What the Laws Intend to Do
The law has added fatigued driving to categories of negligent homicide. Should you decide to get behind the wheel after being awake for 24 hours or more, you can get charged with driving while drowsy. It is a public safety issue that the people of Arkansas took seriously. The first state, New Jersey, enacted Maggie’s Law after someone got behind the wheel tired and a fatality occurred. However, it wasn’t something the rest of the nation did at the same time. It became an issue in Arkansas after people who had lost loved ones to this type of negligence started coming forward to speak with Senator Jason Rapert.
The goal behind this law is to keep people from getting behind the wheel when they have been awake for 24 hours or longer. When this is the case, people tend to doze off, putting themselves and anyone else on the road at very high risk of getting hurt or killed. Multiple studies have shown that drowsy drivers can be far more dangerous than intoxicated ones, since they rarely slow down prior to an accident. This is a serious issue that is often not covered under any legal form of gross negligence, meaning that many times when this type of accident occurs, nothing can be done to prosecute the offender.

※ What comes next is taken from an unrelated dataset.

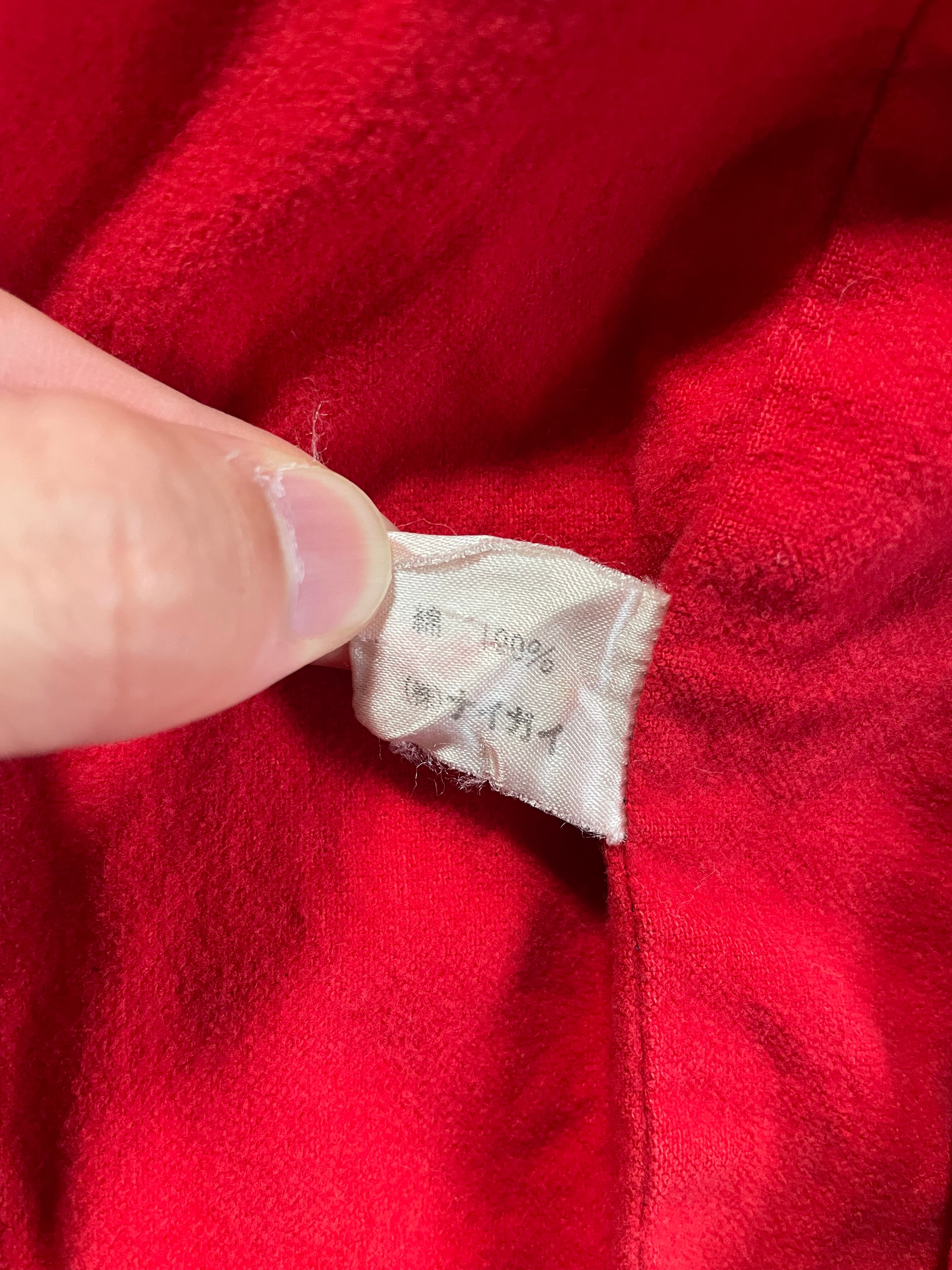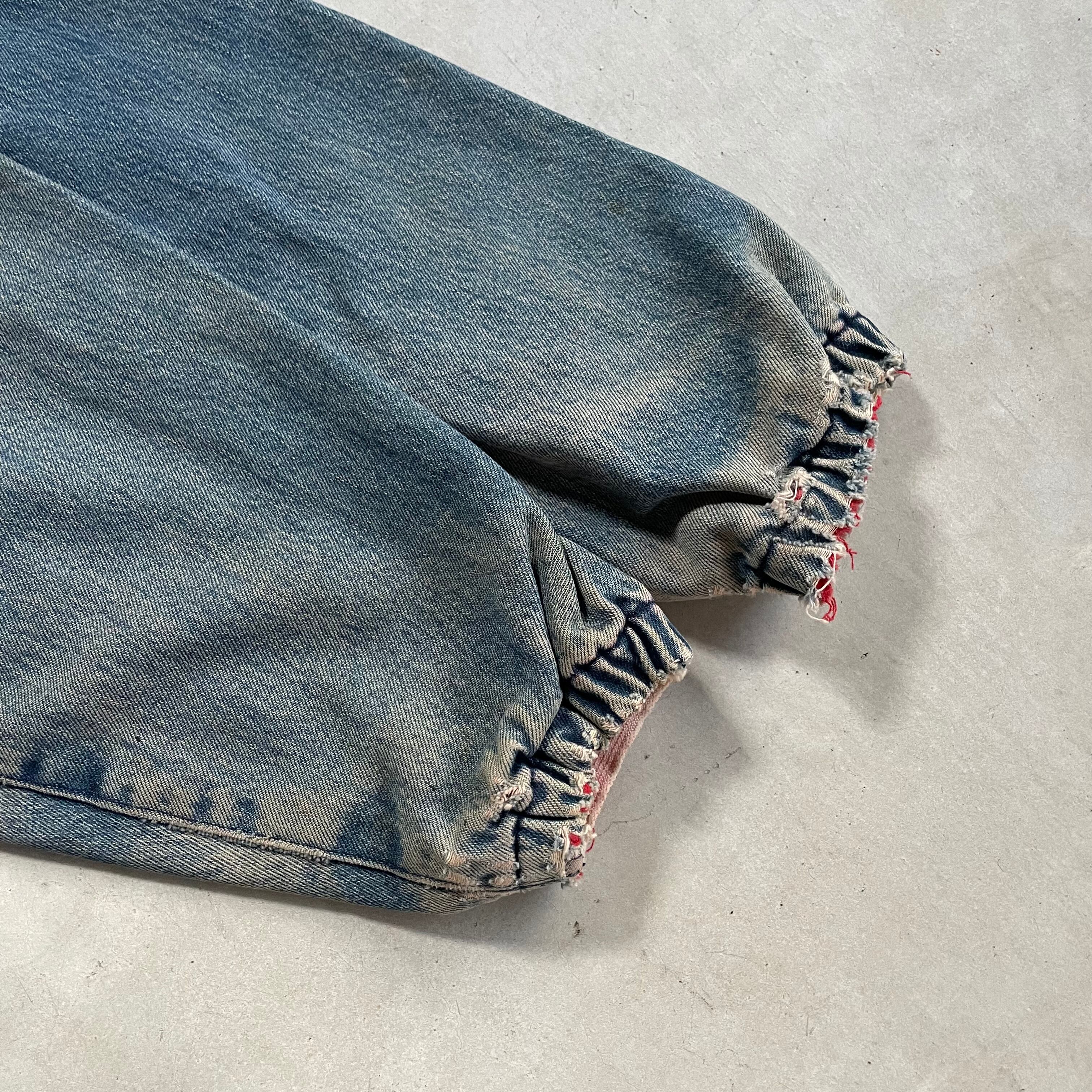 チンストラップ付、裏地のビビットな赤に加え、デニムのフェード感も良い感じになっています。袖口のリブにダメージがありますが、それも良い味になっています。
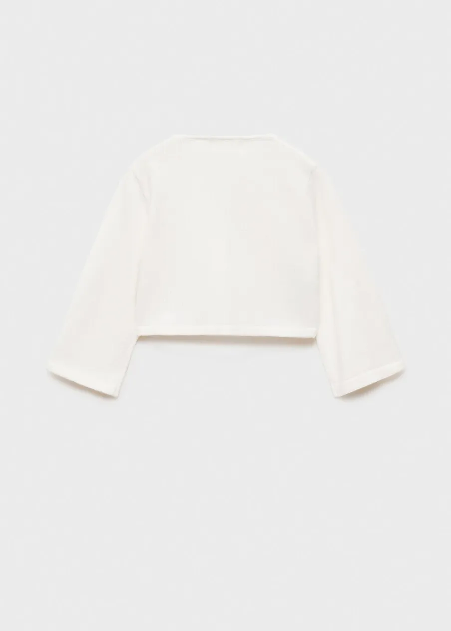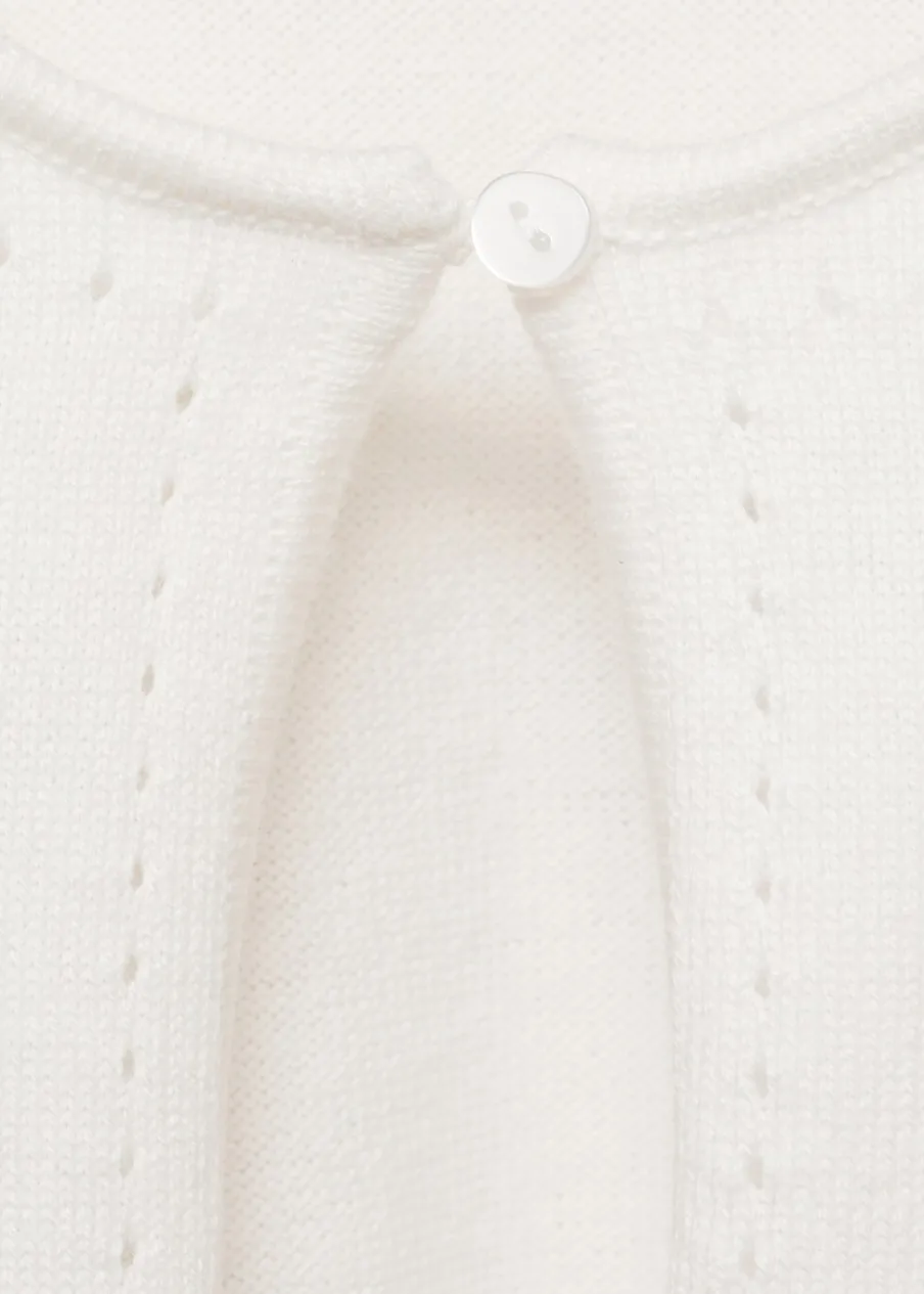 Bawełniana tkanina. Ażurowe detale. Okrągły dekolt. Długi, rozszerzany rękaw. Zapięcie na guzik z przodu.

This law is not intended to stop people from driving, and it is not going to prosecute everyone who gets into their vehicle not-quite-awake in the morning because they have not had enough coffee. However, this law is intended to stop people from intentionally staying up more than 24 hours and making a negligent decision that could cost lives. It also allows families of victims to have some sort of repercussions should an accident occur after someone decides to stay awake too long and get behind the wheel of a vehicle.